If modern psychology now claims that same-sex attraction is a positive variation of human sexuality, then who are we to deny it?


The forgotten meaning of human nature


by Zac Alstin
Contemporary debates have lost the vision of our ethical heritage

The term “natural law” often emerges within the inescapable debates over same-sex marriage, where it is just as often criticised, rejected, and even ridiculed. Natural law is important to many critics and opponents of same-sex marriage, yet it is poorly understood and often misrepresented in the public debate, in part because the natural law tradition – once the mainstay of Western ethical debate – is now deeply foreign to our contemporary way of thinking. Yet quite apart from issues like same-sex marriage, the natural law theory or set of theories are viewed by many as a neglected treasure of the Western ethical tradition with insights that circumvent a number of the challenges and pitfalls of other ethical systems.

Natural law theory is an approach to ethics that focuses not solely on consequences of actions or on abstract absolute rules, but on the study of human nature and the practical investigation of which actions, pursuits, and ends are most appropriate to the elusive and mysterious goal of “happiness”.

While natural law is historically associated most closely with the Stoics of Ancient Greece, its formative principles are also derived from the work of Aristotle, and – from the collective influence of the Platonist, Stoic, and Peripatetic schools – were taken up and further developed and elaborated by Christian philosophers, most notably of the Scholastic method.
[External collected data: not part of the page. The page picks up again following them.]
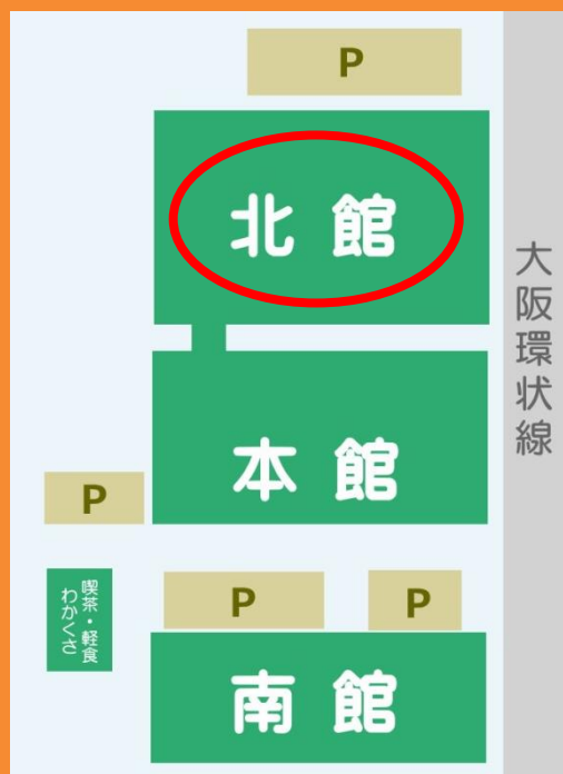
【若草第一病院 配置図】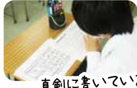
真剣に書いています

字を書くことが好きな人、字が上手くなりたくい人、字を書くことが苦手な人、集まれ！自分のノートはもちろん、履歴書や手紙、年賀状を書くときに役立ちます。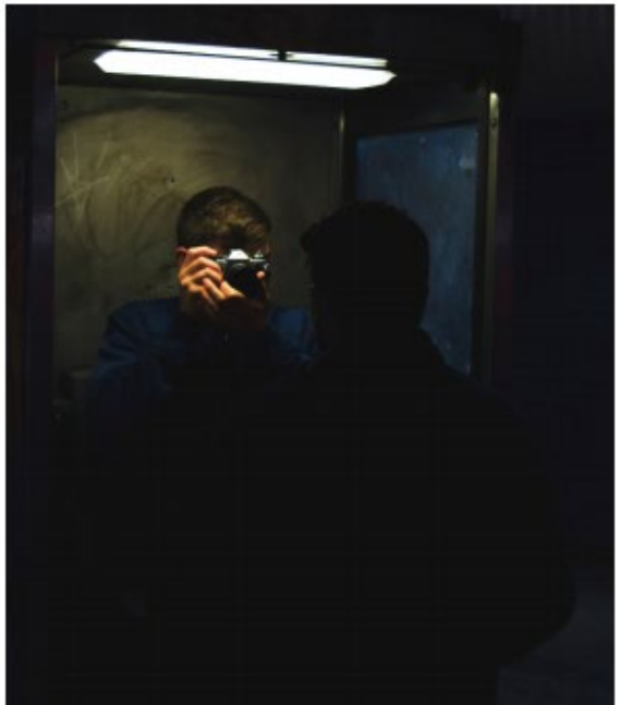
Zu dunkles Bild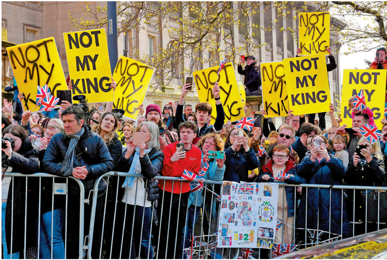
▲示威者計劃在加冕禮上舉「不是我的國王」標語，圖為4月26日的示威活動。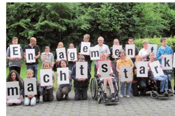
Aktion „Engagement macht Stark“ des BBE mit Mitgliedern der ehrenamtlichen Flüchtlingshilfe im Kreis AK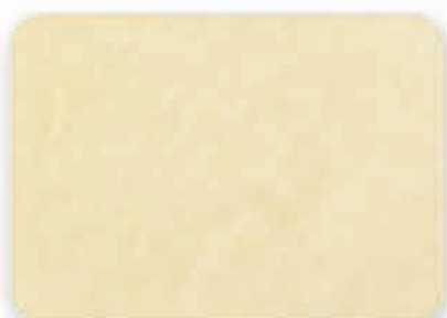
Gamrat FRESCO 9360 6002 1

Academic ethics eventually diverged from the natural law perspective, but the theory has undergone something of a resurgence in recent decades, with new interpretations and approaches emphasising natural law as a viable alternative to popular utilitarian systems. Like utilitarianism, natural law has developed a number of interpretations and theories, albeit with common underlying themes.

What is natural law?

The word ‘nature’ has been abused and misconstrued to the point where most of us define it immediately as:
“the phenomena of the physical world collectively, including plants, animals, the landscape, and other features and products of the earth, as opposed to humans or human creations.”

But in this case we are interested in another definition of nature as:
“the basic or inherent features, character, or qualities of something.”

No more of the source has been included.